[x265] Custom LowRes scale

Mon Jul 21 19:11:06 CEST 2014

On 07/21, Nicolas Morey-Chaisemartin wrote:
> Hi,
> 
> We recently profiled x265 pre-analysis to estimate what performance we
> could reach using our accelerator and I was quite disappointed by the
> performance.  When running on a Core-i7 with AVX at roughly 2.7GHz, we
> barely reached the 30fps mark using ultrafast preset on a 4K video.
> 
> After a little bit of browsing I realized that work in LosRew is
> always done at 1/4th of the final resolution which seems fair but
> requires a huge amount of work for 4K.  It seemed straight forward
> enough to change the divider at LowRes initialization but it seems
> there are a lot of hard coded values that depend both on the LowRes
> divider and the LowRes CU Size.
> 
> Here's a patch (definitly not applicable like this but just to give an
> idea of where I'm going) that seems to fix most of the hard-coded
> value.  It still works with a X265_LOWRES_SCALE of 4 and the perf is
> definilty improving (29fps => 40fps on a 2048x1024 medium preset on a
> E5504).
> 
> Would you be interested in a clean version of this? At least the
> hard-coded CU_SIZE part?  IMHO it would be better to have "dynamic"
> value for LowRes depending on preset (or equivalent) and the input
> resolution...  1/4th is fast enough in HD not to be an issue but for
> RT stream in 4K or more, 1/16 will be compulsory.

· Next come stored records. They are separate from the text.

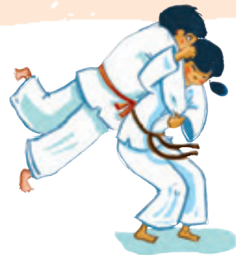
LE JUDO 柔道 - juudoo « djououdoo »

La grue du Japon est l'un des plus grands oiseaux du monde. Elle figure parmi les représentations d'origami les plus célèbres.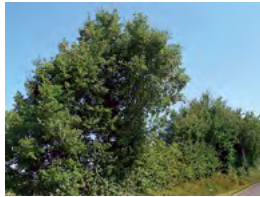
haie champêtre libre

Aubépine monogyne Bourdaïne Cornouiller sanguin Eglantier Fusain d'Europe Prunellier Rosa canina Sureau noir Viorne lantana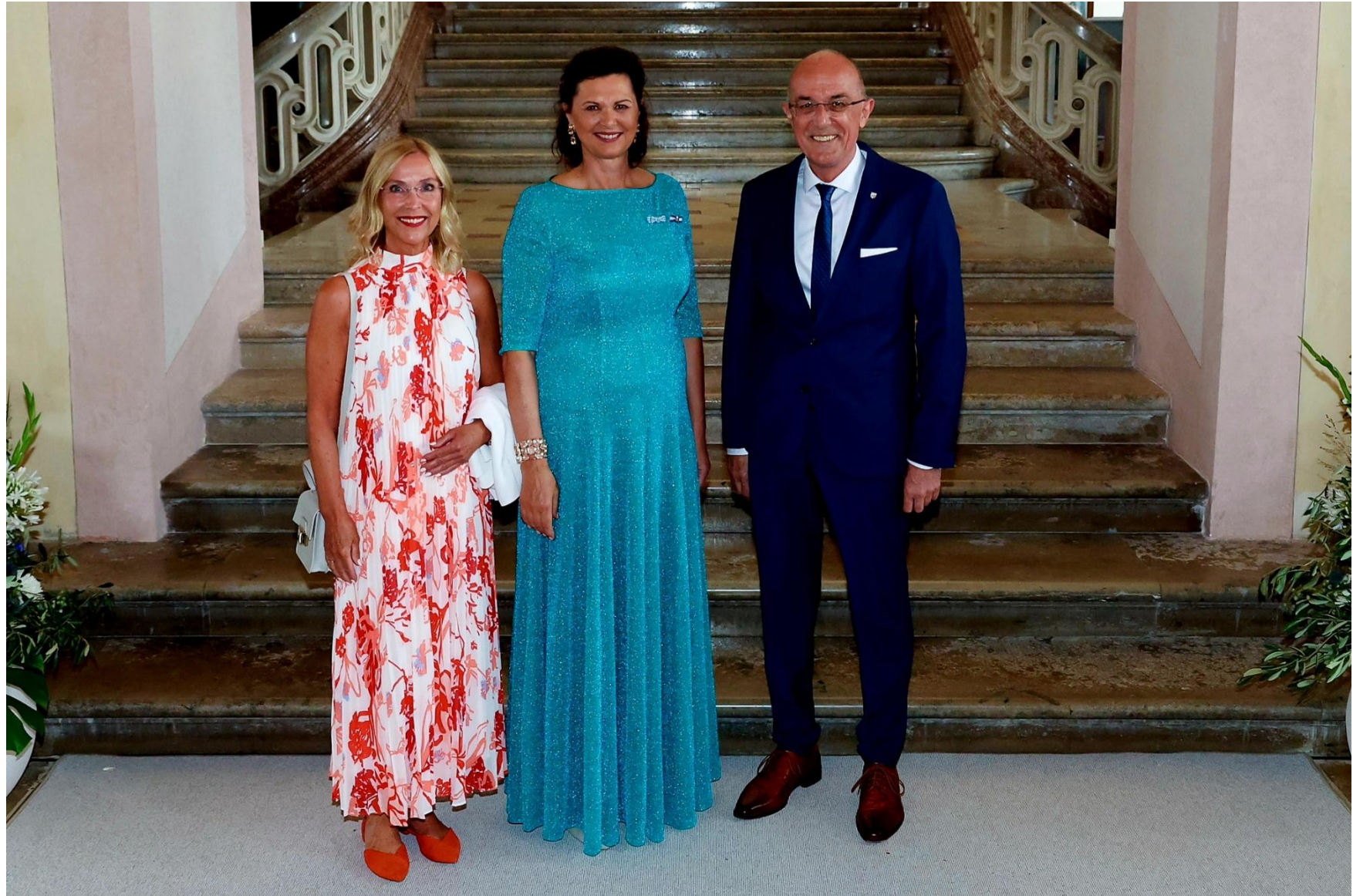
20240616 Sommerempfang des Bayerischen Landtags auf Schloss Schleißheim mit Frau Landtagspräsidentin Ilse Aigner/ 20240616 Summer reception of the Bavarian State Parliament at Schleißheim Palace with State Parliament President Ilse Aigner

Interesting. I imagine much 4k content would work decently well even
with further downscaling of the lookahead pictures.

The lowres motion vectors are used in weight analysis as well, so that
file would need to be updated.

Another thing that makes our lookahead slower than x264's is our intra
analysis.  We're measuring DC and planar and then running our `all-angs'
function which generates all 33 angular predictions at once and then
measuring them all with satd. I've been wanting to turn that into a scan
that measures 6 angular modes evenly spaced by 5.  You then pick the
best angular option and search +2 and -2, then pick the best again and
search +1 and -1 (a gradient descent). At the end you measure DC and
planar and pick the best cost mode.  This results in 12 predictions and
satd calls instead of 35 (closer to x264's 9 lowres predictions).

Our `all-angs' function is pretty good, it takes approx 10x the time of
one angular prediction function to generate all 33. So it's not obvious
whether it would be better for this scan approach to call the ten
singular angular functions or the 'all-angs` function once. About half
of the angular predictions must be transposed - and the all-angs
function ignores this for better performance and thus we transpose the
original pixels instead when measuring satd cost of those modes (but we
only have to do that transpose once). The individual angular functions
do this transpose for you internally. if the mode requires it, resulting
in possibly more transposes. This further complicates guessing which
approach would be faster.

Once this approach was working we could use it in the main encode
functions as a --fast-intra option.

Lastly, we need a signed CLA from you before we can accept code
contributions: https://bitbucket.org/multicoreware/x265/wiki/Contribute

-- 
Steve Borho